Telling teenagers these jobs exist is part of the challenge, so THG is running education and awareness campaigns on social media, connecting reformed hackers with students in Co-op schools, and plans to roll out hacking eSports tournaments next year.
Cyber Choices is undertaking similar outreach, with visits to schools and workshops educating children about computer misuse law and promoting legal cyber opportunities.
But cold, hard cash needs to be part of the answer too, Handschumacher and Harris say.
Bug hunting
“I haven’t got any cybersecurity certificates. I am all self-taught, all the pieces, so it is arduous to work for a standard firm,” says Handschumacher.
The only way for “unqualified” hackers to apply their skills ethically is by collecting so-called bug bounties.
These are payments offered by companies for finding bugs in their systems before an unethical hacker does, but the payouts are tiny compared to the value of some of the bugs.

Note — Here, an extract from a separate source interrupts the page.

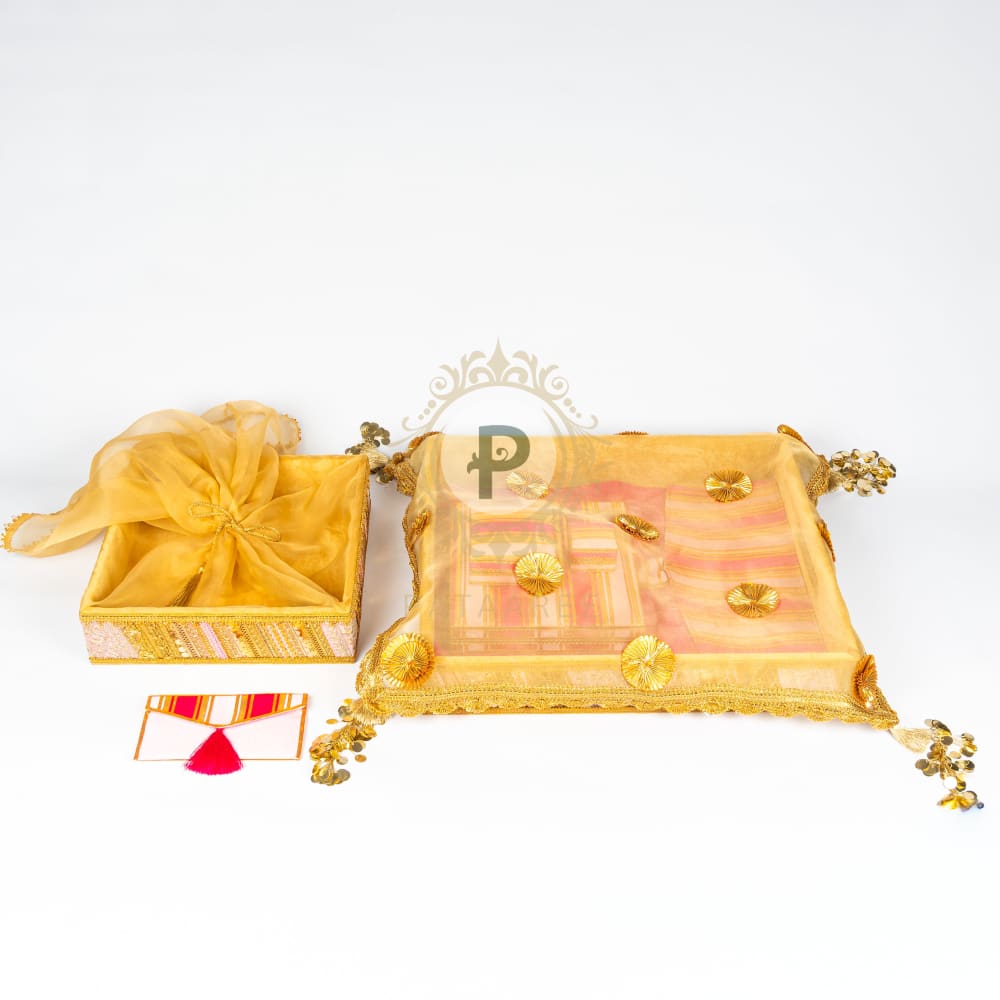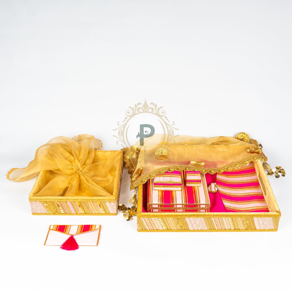 Set Includes: 1 Pink Satrangi Tray with Cover, 1 Pink Satrangi Tissue Basket, 1 Surati Jewellery Box, 1 Surati Single Kada Box, 1 Surati Suit Cover, 1 Shagun Envelope, and 1 Surati Ring Box

Harris says he found and reported a critical vulnerability in a gambling website that could have allowed a cybercriminal to withdraw “infinite cash”.
He was paid $2,500 for his efforts, he says, not enough to put off a would-be teenage cybercriminal.
“They should up funds by double to triple, in my view, then I feel there’d be extra incentive to do them,” says Harris.
Handschumacher put it plainly: “You are going to both make 1,000,000 or a thousand. I assure you, 99% of 16-years-olds are going to take the million.”